Your goal
Below are records to repeat exactly; do not include any pictures.
::: Records for processing
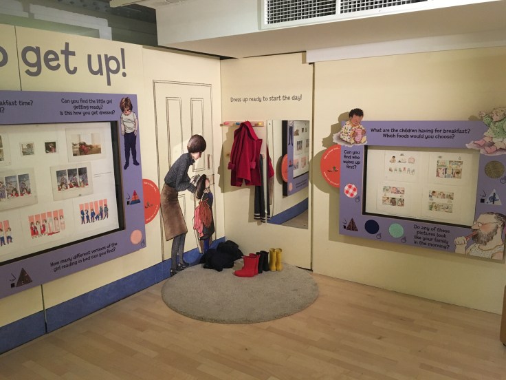 Each section is focused on classic and modern children’s books linked to the theme, such as Baby’s Catalogue by Janet and Allan Ahlberg and Goat Goes To Playgroup by Julia Donaldson and Nick Sharratt, with original artwork that children can get up close to and mood boards to stimulate all the senses.
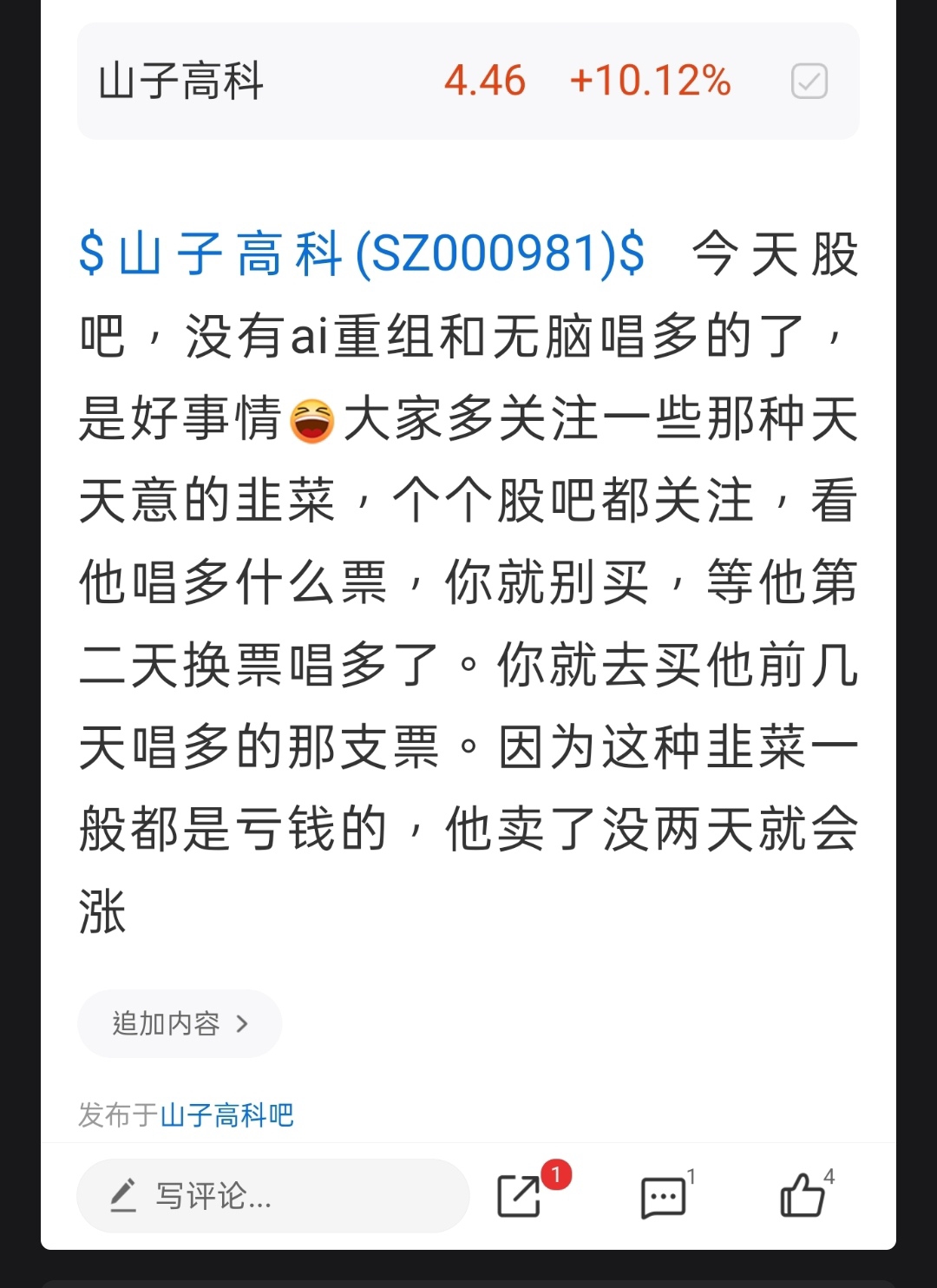 温馨提示: 1.根据《证券法》规定,禁止编造、传播虚假信息或者误导性信息,扰乱证券市场;2.用户在本社区发表的所有资料、言论等仅代表个人观点,与本网站立场无关,不对您构成任何投资建议。用户应基于自己的独立判断,自行决定证券投资并承担相应风险。《东方财富社区管理规定》
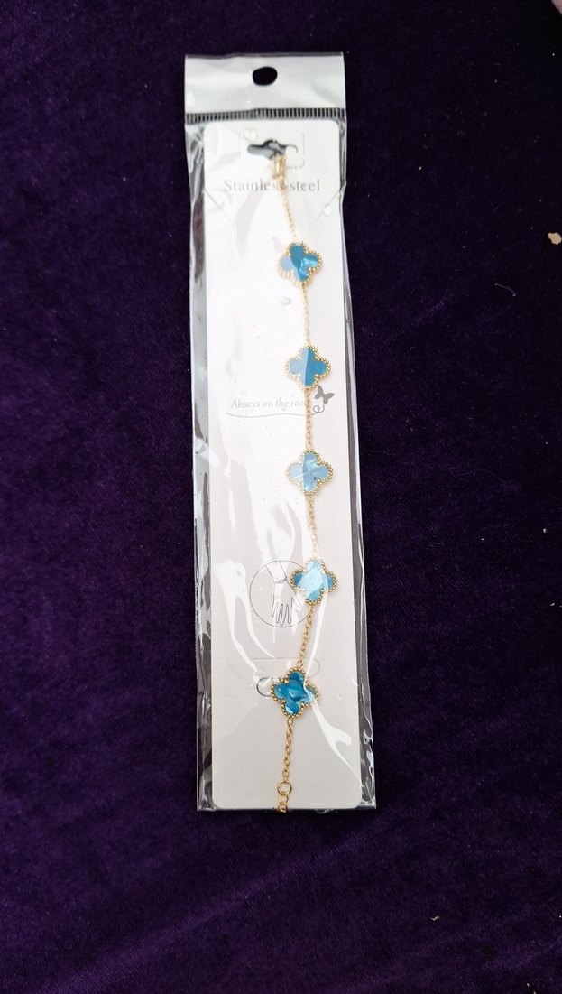 Turkuaz renkli, zincir detaylı ve baskılı desenli kadın bileklik. Minimalist bohem tarzda, günlük kullanıma uygun.
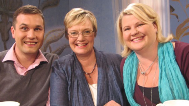 Jaana Kvist (vas.) ja Aira Kasanko ovat kohdanneet ennakkoluuloja kehitysvammaisen lapsen äitinä. Keskellä juontaja Kimmo Saares.
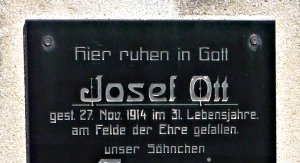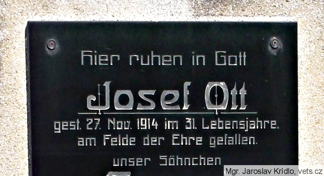 Nápis na pomníku je v rozporu s databází VÚA Praha: Josef Ott *1883, místo narození-Dolní Falknov, okr. Děčín, domovem-neuvedeno, příslušnost k 73. pěšímu pluku RU armády, †27.11.1914, místo úmrtí-Vukovo, Srbsko-jižní fronta, příčina úmrtí-zemřel, místo pohřbení-Vukovo, Srbsko, materiály polní nemocnice 9/8-prohlášen za mrtvého čj.371243/23. (zdroj http://www.vuapraha.cz/fallensoldierdatabase )
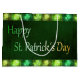 Un ilustracion del Día de San Patricio: 4 formas diferentes de shamrock y letras del "Feliz Día de San Patricio" en los colores de la bandera irlandesa sobre un fondo verde y gris.
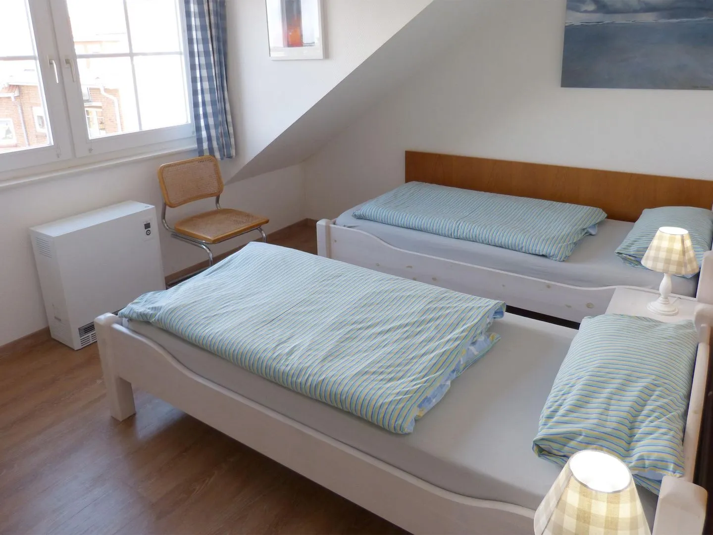 2 zusammenstellbare Einzelbetten (je 90x200), Nachttische, Kleiderschrank, Fenster mit Wattenblick, Laminatboden.
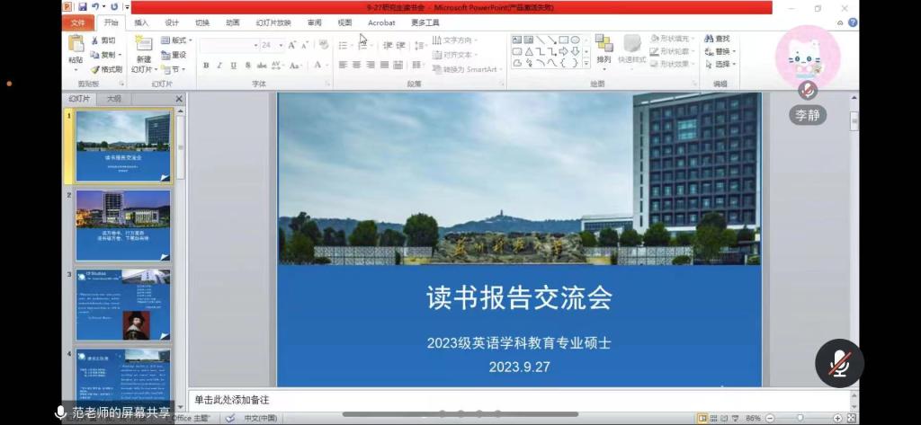 23级教育硕士第一次读书沙龙分享会顺利开展。本次分享会由范丽娟教授指导,共六名学生进行了读书分享,24名教育硕士全体参与。
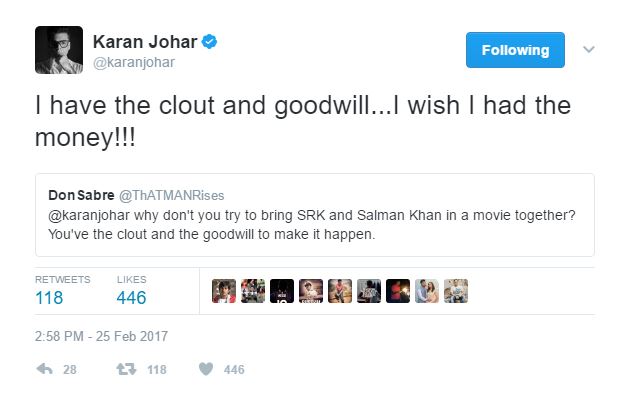 To which Karan replied, “I have the clout and goodwill…I wish I had the money!!!”
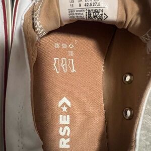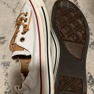 Very gently worn white Converse Shoreline slip-ons with elasticized back for easy on/off comfort. Classic low-top silhouette with tan laces and red stripe detail.
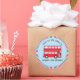 autocollants de Merci avec un bus à deux étages rouge inspiré des bus vintages de Londres. Parfait pour la fête d'anniversaire à Londres ou en bus. Bleu, rouge et blanc rayures pour la décoration de l'arrière - plan. Personnalisez avec votre message de fête.
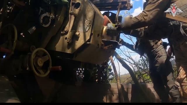 Расчеты буксируемых гаубиц «Мста-Б» 34-й отдельной гвардейской мотострелковой бригады (горной) в составе группировки войск «Север» при выполнении огневых задач уничтожили пункт управления БпЛА и временный пункт дислокации с живой силой ВСУ в зоне проведения СВО на Сумском направлении
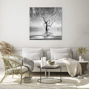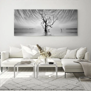 Glasbild - Bild auf glas - Schwarz-weiße Landschaft mit einem Baum und Sternenstreifen - 70x50cm - Eine Sinfonie der Natur - Moderne Wanddekoration für Wohnzimmer und Schlafzimmer ARTTOR
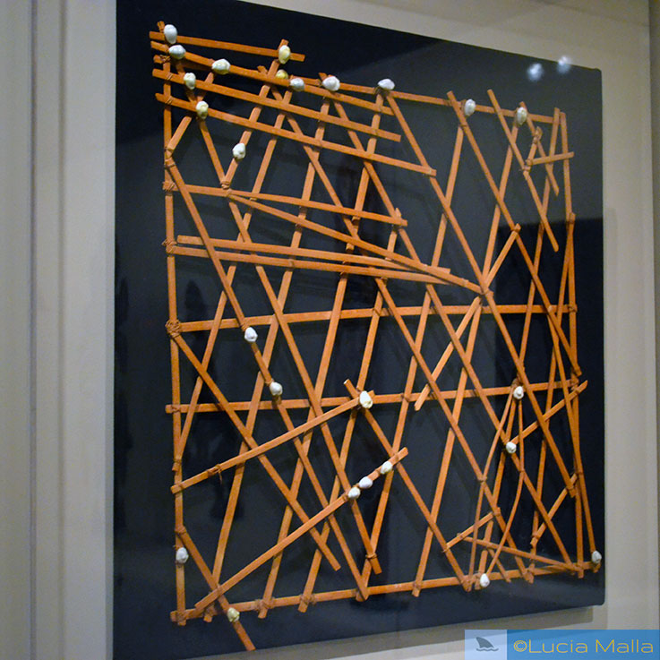 Carta náutica originária das Ilhas Marshall constituída em conchas, que representam as ilhas e varas de bambu que representam as correntes marítimas. (Em exibição no Museu de Belas Artes de Boston)
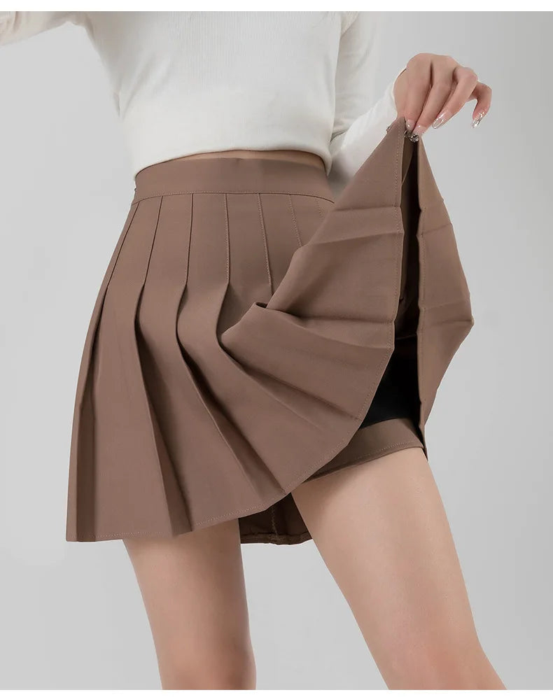 Step into summer 2024 with the exclusive Women's Skirt Korean Style Miniskirt A-line Short Rokken College Girls Falda Short De Mujer Black Pleated Skirt with Shorts. This season, embrace a fresh twist on classic Korean fashion that perfectly blends style and comfort, designed to keep you cool and chic during warm days and lively campus events. Its preppy, college-inspired look captures the latest trend for pleated skirts and A-line silhouettes, making it an essential addition for fashion-forward women.
::::::
Solution
 Each section is focused on classic and modern children’s books linked to the theme, such as Baby’s Catalogue by Janet and Allan Ahlberg and Goat Goes To Playgroup by Julia Donaldson and Nick Sharratt, with original artwork that children can get up close to and mood boards to stimulate all the senses.
 温馨提示: 1.根据《证券法》规定,禁止编造、传播虚假信息或者误导性信息,扰乱证券市场;2.用户在本社区发表的所有资料、言论等仅代表个人观点,与本网站立场无关,不对您构成任何投资建议。用户应基于自己的独立判断,自行决定证券投资并承担相应风险。《东方财富社区管理规定》
 Turkuaz renkli, zincir detaylı ve baskılı desenli kadın bileklik. Minimalist bohem tarzda, günlük kullanıma uygun.
 Jaana Kvist (vas.) ja Aira Kasanko ovat kohdanneet ennakkoluuloja kehitysvammaisen lapsen äitinä. Keskellä juontaja Kimmo Saares.
 Nápis na pomníku je v rozporu s databází VÚA Praha: Josef Ott *1883, místo narození-Dolní Falknov, okr. Děčín, domovem-neuvedeno, příslušnost k 73. pěšímu pluku RU armády, †27.11.1914, místo úmrtí-Vukovo, Srbsko-jižní fronta, příčina úmrtí-zemřel, místo pohřbení-Vukovo, Srbsko, materiály polní nemocnice 9/8-prohlášen za mrtvého čj.371243/23. (zdroj http://www.vuapraha.cz/fallensoldierdatabase )
 Un ilustracion del Día de San Patricio: 4 formas diferentes de shamrock y letras del "Feliz Día de San Patricio" en los colores de la bandera irlandesa sobre un fondo verde y gris.
 2 zusammenstellbare Einzelbetten (je 90x200), Nachttische, Kleiderschrank, Fenster mit Wattenblick, Laminatboden.
 23级教育硕士第一次读书沙龙分享会顺利开展。本次分享会由范丽娟教授指导,共六名学生进行了读书分享,24名教育硕士全体参与。
 To which Karan replied, “I have the clout and goodwill…I wish I had the money!!!”
 Very gently worn white Converse Shoreline slip-ons with elasticized back for easy on/off comfort. Classic low-top silhouette with tan laces and red stripe detail.
 autocollants de Merci avec un bus à deux étages rouge inspiré des bus vintages de Londres. Parfait pour la fête d'anniversaire à Londres ou en bus. Bleu, rouge et blanc rayures pour la décoration de l'arrière - plan. Personnalisez avec votre message de fête.
 Расчеты буксируемых гаубиц «Мста-Б» 34-й отдельной гвардейской мотострелковой бригады (горной) в составе группировки войск «Север» при выполнении огневых задач уничтожили пункт управления БпЛА и временный пункт дислокации с живой силой ВСУ в зоне проведения СВО на Сумском направлении
 Glasbild - Bild auf glas - Schwarz-weiße Landschaft mit einem Baum und Sternenstreifen - 70x50cm - Eine Sinfonie der Natur - Moderne Wanddekoration für Wohnzimmer und Schlafzimmer ARTTOR
 Carta náutica originária das Ilhas Marshall constituída em conchas, que representam as ilhas e varas de bambu que representam as correntes marítimas. (Em exibição no Museu de Belas Artes de Boston)
 Step into summer 2024 with the exclusive Women's Skirt Korean Style Miniskirt A-line Short Rokken College Girls Falda Short De Mujer Black Pleated Skirt with Shorts. This season, embrace a fresh twist on classic Korean fashion that perfectly blends style and comfort, designed to keep you cool and chic during warm days and lively campus events. Its preppy, college-inspired look captures the latest trend for pleated skirts and A-line silhouettes, making it an essential addition for fashion-forward women.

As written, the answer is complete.